What you described makes sense... the stderr log indicates that hadoopy cannot be found. However, I prefer not to install python packages system wide. Is there a way to make hadoopy.launch() utilize the python environment that it was invoked in?
java.lang.RuntimeException: PipeMapRed.waitOutputThreads(): subprocess failed with code 1
at org.apache.hadoop.streaming.PipeMapRed.waitOutputThreads(PipeMapRed.java:362)
at org.apache.hadoop.streaming.PipeMapRed.mapRedFinished(PipeMapRed.java:572)
at org.apache.hadoop.streaming.PipeReducer.close(PipeReducer.java:137)
at org.apache.hadoop.mapred.ReduceTask.runOldReducer(ReduceTask.java:479)

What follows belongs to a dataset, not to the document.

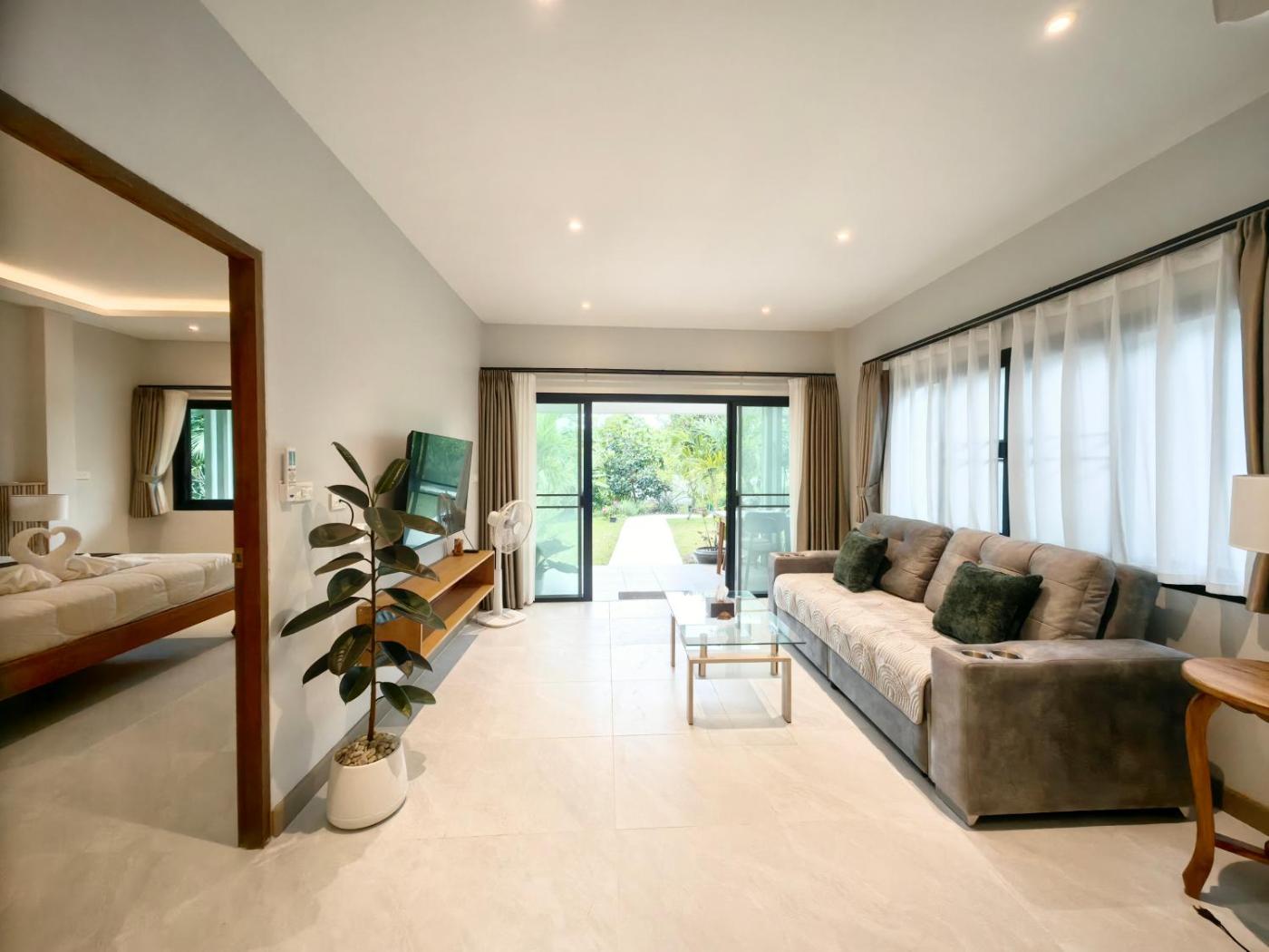 Deluxe Double Studio. Surrounded by greenery, this single room has a balcony, kitchen and . It also comes with air conditioning and a private bathroom. A quiet modern house in a lush garden, with an air-conditioned bedroom, full kitchen and stylish bathroom. Just 10 minutes’ walk to the beach and restaurants. 15 minute drive to Fisherman Village. The house surrounded by peaceful fields and trees, it’s a hidden escape that’s still close to everything.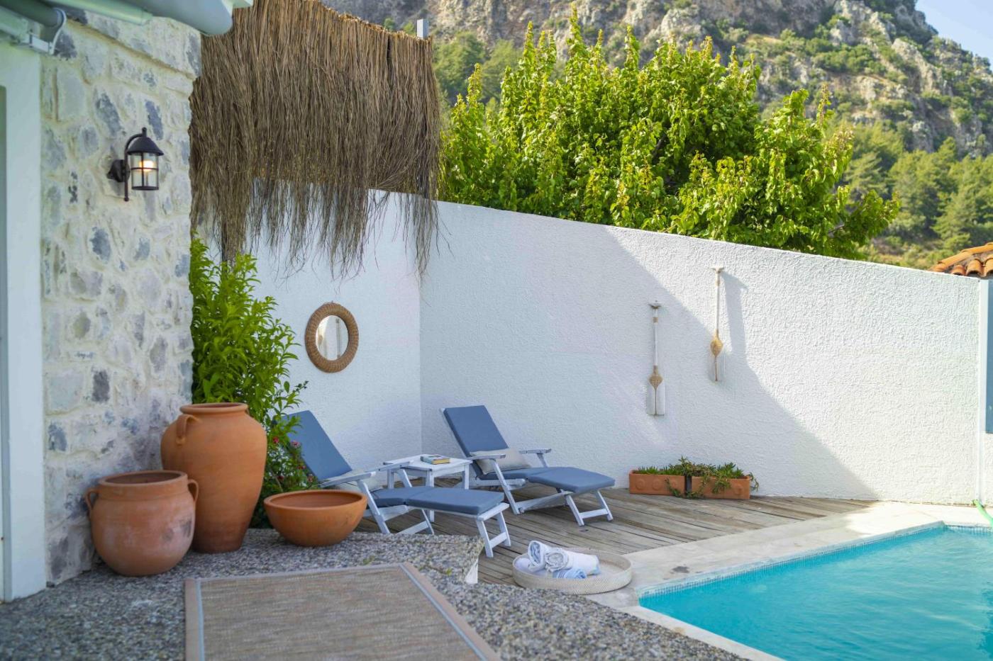 Two-Bedroom Villa. This villas standout feature is the pool with a view. Boasting a private entrance, this air-conditioned villa includes 1 living room, 2 separate bedrooms and 2 bathrooms with a bath and a shower. Guests can make meals in the kitchen that is fitted with a stovetop, a refrigerator, a dishwasher and kitchenware. Featuring a terrace with sea views, this villa also offers a washing machine and a flat-screen TV with satellite channels. The unit has 4 beds. ;

at org.apache.hadoop.mapred.ReduceTask.run(ReduceTask.java:417)
at org.apache.hadoop.mapred.Child$4.run(Child.java:270)
at java.security.AccessController.doPrivileged(Native Method)
at javax.security.auth.Subject.doAs(Subject.java:396)
at org.apache.hadoop.security.UserGroupInformation.doAs(UserGroupInformation.java:1127)
at org.apache.hadoop.mapred.Child.main(Child.java:264)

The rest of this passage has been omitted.